Normalized change using the mean
These measures where chosen based on Brewer, Cominetti, and Jenkins (2025) and Ganong et al. (2025).
Arc Change
Arc change is percentage change between two periods with the difference being that the denominator is the average of the two periods. \[
Arc\ Change = \frac{(X_{t} - X_{t-1})}{(X_{t} + X_{t-1})/2} \times 100
\]
The rationale for using the arc change is that is symmetric for positive and negative changes. Additionally, all changes are bound between -200% to 200%. It also makes changes from 0 to another value meaningful.
Overall Volatility Measures
Instead of computing period-to-period changes then aggregating, these measures directly compute overall volatility at the household level. In particular, I show results for
Standard Deviation
Coefficient of Variation
Sum of Normalized Deviation (\(\sum_{t=0}{|\frac{y_t - \mu}{\mu}|}\))

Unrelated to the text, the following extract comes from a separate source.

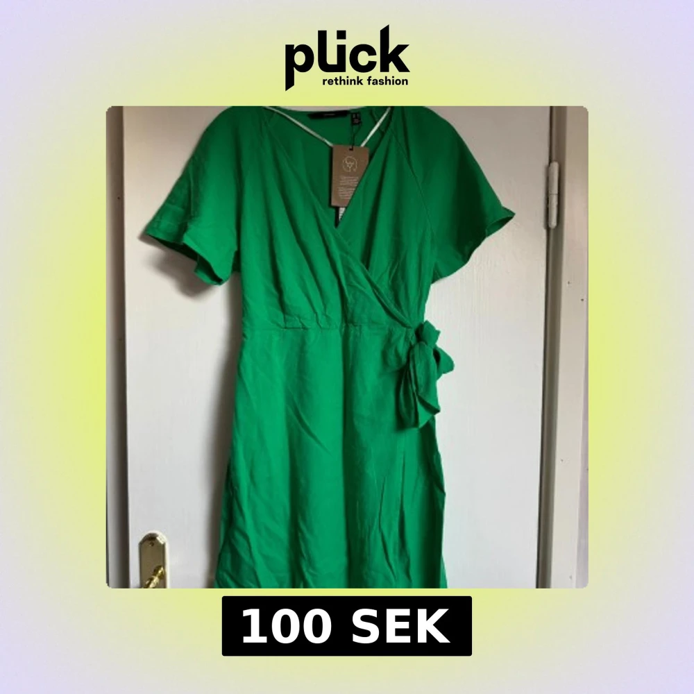 Snygg grön omlottklänning från Veromoda med korta ärmar och knyt i midjan. Klänningen har v-ringning och är tillverkad i ett mjukt tyg. Perfekt för en fräsch och färgstark look under varmare dagar.

When playing around with the graphs, I focused on the following properties to help us decide between measures.
Handling Zeroes
Timing of Volatility
Handling Outliers
Finally, we should also discuss interpretability of the different measures. Simpler and more common measures, like the standard deviation and log change are easier to explain and likely to be more familiar. Measures like the arc change, coefficient of variation, normalized changes or arc change might need more explanation and / or justification.
Handling Zeroes
How do they handle zeroes in the data, especially the measures that depend on period-to-period changes?
48.8% of total reported income (at the period level) is 0 so I use it as a benchmark to evaluate the different volatility measures.
The period-to-period percent change is missing 7012 out out of 12593 (56%) times.
The period-to-period log percentage change is missing 9194 out of 12593 (73%) times.
The period-to-period arc percentage change is missing 780 out of 12593 (6%) times.
The period-to-period normalized deviation is missing 710 out of 12593 (5.6%) times.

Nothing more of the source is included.